Write-Ahead Log (WAL)

The WAL is Parallax's durability guarantee. Every mutation is written to the WAL and fsync()'d before being applied to the MemTable. If the process crashes, the WAL replays to reconstruct the MemTable.

On-Disk Format

WAL data lives in {data_dir}/wal/. Each segment file is named wal-{index:08}.pxw (e.g., wal-00000000.pxw).

Each entry in a WAL file has this layout (little-endian):

┌──────────┬──────────┬──────────┬────────────┬──────────┐
│ magic(4) │ len(4)   │ seq(8)   │ payload(N) │ crc32(4) │
└──────────┴──────────┴──────────┴────────────┴──────────┘
FieldSizeDescription
magic4 bytes0x50585741 — ASCII "PXWA" (Parallax WAL)
len4 bytesTotal entry length including all fields
seq8 bytesMonotonic sequence number
payloadN bytesSerialized WriteBatch (postcard format)
crc32c4 bytesCRC32C of `(seq bytes

Write Protocol

#![allow(unused)]
fn main() {
pub fn append(&mut self, batch: &WriteBatch) -> Result<u64, WalError> {
    let seq = self.next_seq;
    self.next_seq += 1;

    // Serialize the batch with postcard (compact binary format)
    let payload = postcard::to_allocvec(batch)?;

    // Compute checksum over seq + payload
    let crc = crc32c_combine(seq.to_le_bytes(), &payload);

    // Rotate to a new segment if the active file exceeds MAX_SEGMENT_SIZE
    if self.active_size + entry_len > MAX_SEGMENT_SIZE {
        self.rotate()?;
    }

    // Write all fields
    self.active.write_all(&WAL_MAGIC)?;
    self.active.write_all(&(total_len as u32).to_le_bytes())?;
    self.active.write_all(&seq.to_le_bytes())?;
    self.active.write_all(&payload)?;
    self.active.write_all(&crc.to_le_bytes())?;

    // fsync — this is the durability commit point
    self.active.sync_data()?;

    Ok(seq)
}
}

After sync_data() returns, the entry survives any crash.

Crash Recovery

On startup, WriteAheadLog::recover() replays all WAL segments:

#![allow(unused)]
fn main() {
pub fn recover(&mut self) -> Result<Vec<WriteBatch>, WalError> {
    let mut batches = Vec::new();
    for segment_file in self.sorted_segment_files()? {
        let entries = self.read_segment(&segment_file)?;
        for entry in entries {
            // Verify magic
            if entry.magic != WAL_MAGIC { return Err(WalError::Corruption(...)); }
            // Verify checksum (INV-S05)
            if !verify_crc32c(entry.seq, &entry.payload, entry.crc32c) {
                // Stop at first corrupt entry
                tracing::warn!("WAL corruption detected at seq {}", entry.seq);
                break;
            }
            let batch = postcard::from_bytes(&entry.payload)?;
            batches.push(batch);
        }
    }
    Ok(batches)
}
}

INV-S05: A corrupt WAL entry stops recovery at that point.
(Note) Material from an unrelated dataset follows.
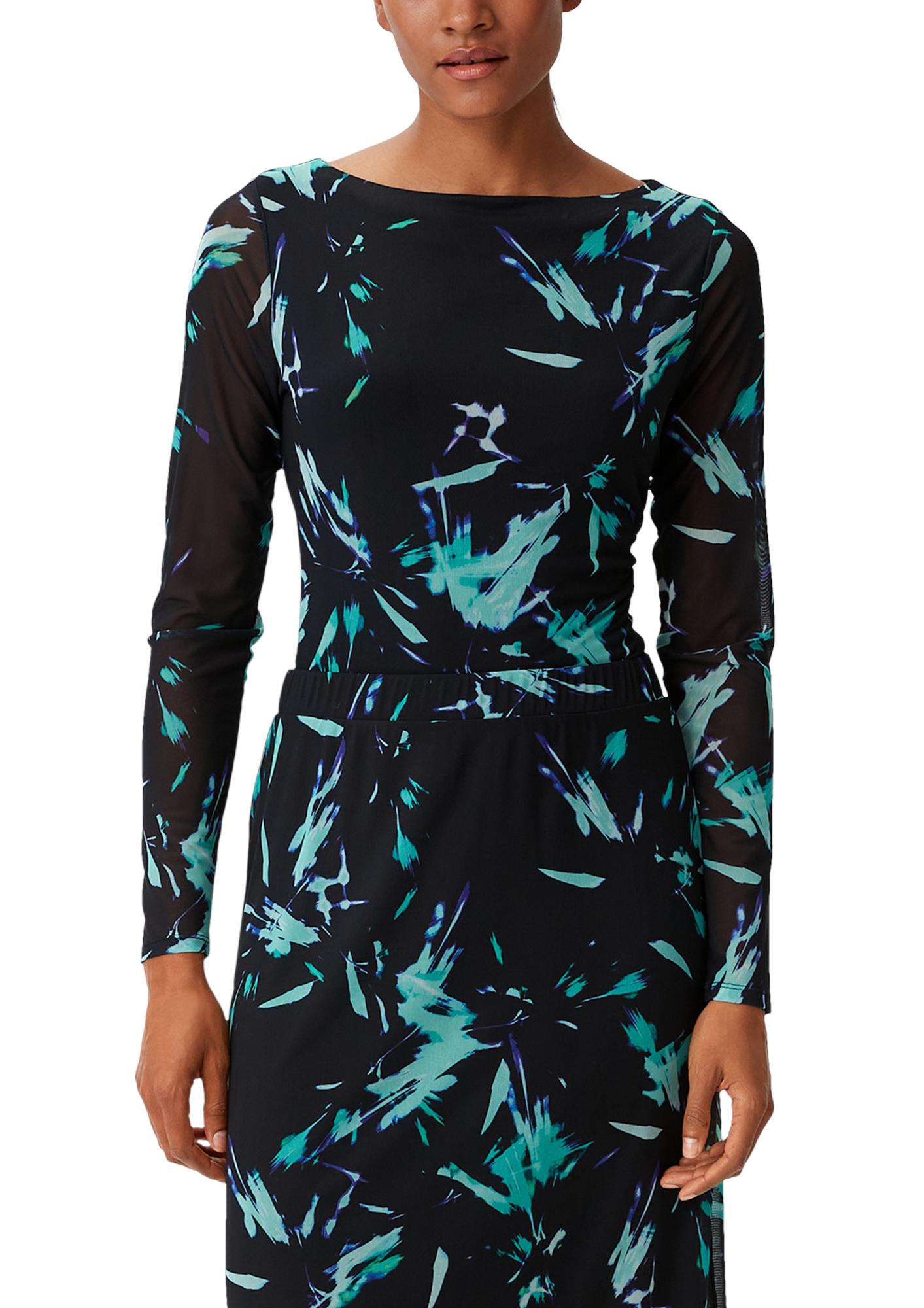Женская футболка из трикотажа-мэш немецкого бренда Comma (Комма). Приталенный женственный силуэт лонгслива с декоративными сборками на талии обеспечивает оптимальную осадку, а оригинальный принт позволяет визуально скрыть недостатки фигуры. футболка на подкладке, но не выглядит громоздко, так как верх ее выполнен из ткани мэш - сетки, премиального, необыкновенно мягкого трикотажа.. Такая модель подойдет как для романтических так и для деловых образов. Идеально впишется в гардероб любой модницы.
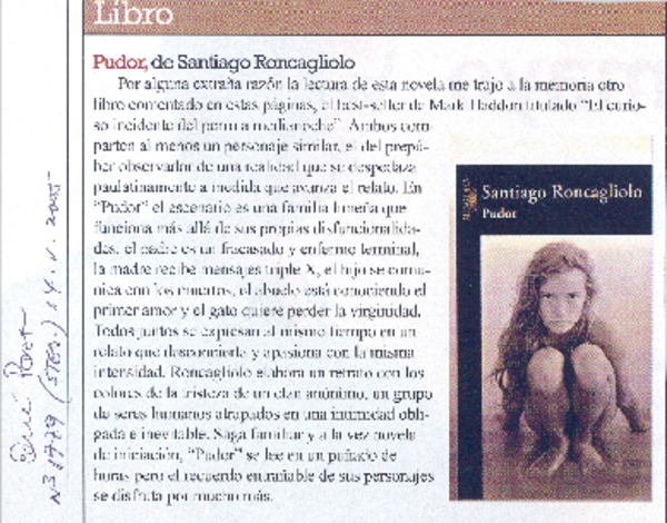 Roncagliolo, Santiago - Pudor - Autores internacionales

All entries before it are applied; the corrupt entry and everything after are discarded. This may result in losing the most recent write if the process crashed during fsync(). This is correct — the write was not acknowledged to the caller yet.

Segment Rotation

When the active WAL segment exceeds MAX_SEGMENT_SIZE (default: 64MB):

  1. sync_data() the active file
  2. Close the active file handle
  3. Open a new file: wal-{next_index:08}.pxw
  4. Set the new file as active

Old WAL segments are retained until after a successful MemTable flush to a .pxs segment. At that point, WAL segments covered by the segment are safe to delete.

Group Commit (v0.2)

For high-throughput ingestion, individual fsync() calls are expensive (~100μs on NVMe). Group commit batches multiple WriteBatches into a single fsync():

100 batches × 1 fsync = 100× write throughput
vs.
100 batches × 100 fsyncs = 100× latency overhead

Group commit is planned for v0.2. The current v0.1 implementation does one fsync() per WriteBatch, which is correct and suitable for all but the highest-throughput ingestion scenarios.

Inspecting WAL Files

WAL files are binary and not human-readable directly. Use the CLI to inspect the current state of the engine rather than reading WAL files:

parallax stats --data-dir /var/lib/parallax

A future parallax wal dump command is planned for v0.2 debugging.